> [Directions] Copy word for word the lines of the records below, beginning at the one with "FUBU Career CAPTCHA" and finishing at the one with "해물 요리의 마지막에는", ends included, but none of the pictures.

> [Data under study]
......

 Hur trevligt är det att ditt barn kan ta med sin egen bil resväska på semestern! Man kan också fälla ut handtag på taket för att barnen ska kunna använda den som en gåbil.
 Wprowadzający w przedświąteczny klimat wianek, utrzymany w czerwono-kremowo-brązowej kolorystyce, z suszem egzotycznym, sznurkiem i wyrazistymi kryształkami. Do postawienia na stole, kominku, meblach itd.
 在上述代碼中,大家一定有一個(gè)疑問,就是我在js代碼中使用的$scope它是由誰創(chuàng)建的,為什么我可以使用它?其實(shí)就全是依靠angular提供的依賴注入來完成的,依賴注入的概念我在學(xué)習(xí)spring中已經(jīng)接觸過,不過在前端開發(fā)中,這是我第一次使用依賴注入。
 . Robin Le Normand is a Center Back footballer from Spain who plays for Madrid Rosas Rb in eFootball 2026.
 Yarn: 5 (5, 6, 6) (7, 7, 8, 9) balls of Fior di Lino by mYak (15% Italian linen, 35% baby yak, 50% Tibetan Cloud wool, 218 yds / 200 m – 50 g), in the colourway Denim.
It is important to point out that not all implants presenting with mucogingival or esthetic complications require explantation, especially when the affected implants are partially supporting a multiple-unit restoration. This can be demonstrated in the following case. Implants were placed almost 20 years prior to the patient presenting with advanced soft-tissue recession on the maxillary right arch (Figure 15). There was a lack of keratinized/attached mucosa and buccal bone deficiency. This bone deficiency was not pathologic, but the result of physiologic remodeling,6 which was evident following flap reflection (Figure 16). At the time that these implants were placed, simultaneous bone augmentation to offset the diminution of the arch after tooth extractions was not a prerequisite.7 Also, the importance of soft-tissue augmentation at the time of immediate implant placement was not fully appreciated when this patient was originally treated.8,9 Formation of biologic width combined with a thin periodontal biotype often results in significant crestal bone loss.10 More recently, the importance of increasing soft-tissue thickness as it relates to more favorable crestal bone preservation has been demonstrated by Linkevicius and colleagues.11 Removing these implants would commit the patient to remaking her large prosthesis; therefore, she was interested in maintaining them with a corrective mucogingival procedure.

......

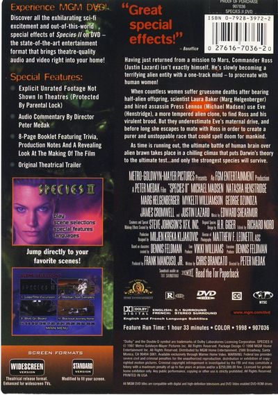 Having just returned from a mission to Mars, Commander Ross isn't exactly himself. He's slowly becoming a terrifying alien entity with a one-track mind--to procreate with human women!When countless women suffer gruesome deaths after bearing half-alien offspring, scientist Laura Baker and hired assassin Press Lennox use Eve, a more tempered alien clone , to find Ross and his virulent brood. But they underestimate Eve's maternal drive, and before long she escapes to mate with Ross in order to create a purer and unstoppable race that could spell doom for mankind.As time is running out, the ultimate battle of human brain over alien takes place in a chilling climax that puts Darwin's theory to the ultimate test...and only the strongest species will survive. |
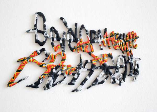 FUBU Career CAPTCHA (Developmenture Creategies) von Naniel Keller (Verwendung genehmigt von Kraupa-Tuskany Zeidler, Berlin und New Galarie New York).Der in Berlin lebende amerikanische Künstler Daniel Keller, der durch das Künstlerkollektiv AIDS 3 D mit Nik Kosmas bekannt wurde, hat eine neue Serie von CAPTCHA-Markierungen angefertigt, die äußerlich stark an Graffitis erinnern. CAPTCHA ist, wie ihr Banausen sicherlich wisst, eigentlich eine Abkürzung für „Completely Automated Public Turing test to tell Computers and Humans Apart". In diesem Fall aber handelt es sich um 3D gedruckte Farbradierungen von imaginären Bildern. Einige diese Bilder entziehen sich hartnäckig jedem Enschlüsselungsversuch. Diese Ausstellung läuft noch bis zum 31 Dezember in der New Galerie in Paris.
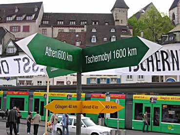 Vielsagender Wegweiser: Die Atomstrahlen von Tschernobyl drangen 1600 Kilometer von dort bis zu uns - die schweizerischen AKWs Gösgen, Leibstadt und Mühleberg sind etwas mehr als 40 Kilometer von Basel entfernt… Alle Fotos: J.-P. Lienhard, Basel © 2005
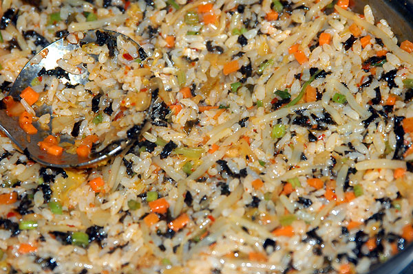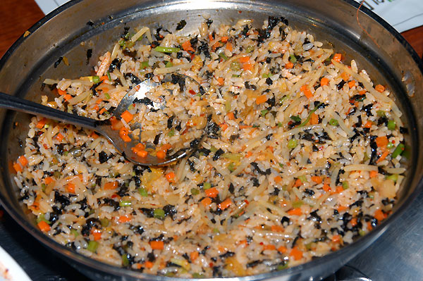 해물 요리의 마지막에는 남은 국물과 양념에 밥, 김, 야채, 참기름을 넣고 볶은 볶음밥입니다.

......

> [Result of the exercise]
 FUBU Career CAPTCHA (Developmenture Creategies) von Naniel Keller (Verwendung genehmigt von Kraupa-Tuskany Zeidler, Berlin und New Galarie New York).Der in Berlin lebende amerikanische Künstler Daniel Keller, der durch das Künstlerkollektiv AIDS 3 D mit Nik Kosmas bekannt wurde, hat eine neue Serie von CAPTCHA-Markierungen angefertigt, die äußerlich stark an Graffitis erinnern. CAPTCHA ist, wie ihr Banausen sicherlich wisst, eigentlich eine Abkürzung für „Completely Automated Public Turing test to tell Computers and Humans Apart". In diesem Fall aber handelt es sich um 3D gedruckte Farbradierungen von imaginären Bildern. Einige diese Bilder entziehen sich hartnäckig jedem Enschlüsselungsversuch. Diese Ausstellung läuft noch bis zum 31 Dezember in der New Galerie in Paris.
 Vielsagender Wegweiser: Die Atomstrahlen von Tschernobyl drangen 1600 Kilometer von dort bis zu uns - die schweizerischen AKWs Gösgen, Leibstadt und Mühleberg sind etwas mehr als 40 Kilometer von Basel entfernt… Alle Fotos: J.-P. Lienhard, Basel © 2005
 해물 요리의 마지막에는 남은 국물과 양념에 밥, 김, 야채, 참기름을 넣고 볶은 볶음밥입니다.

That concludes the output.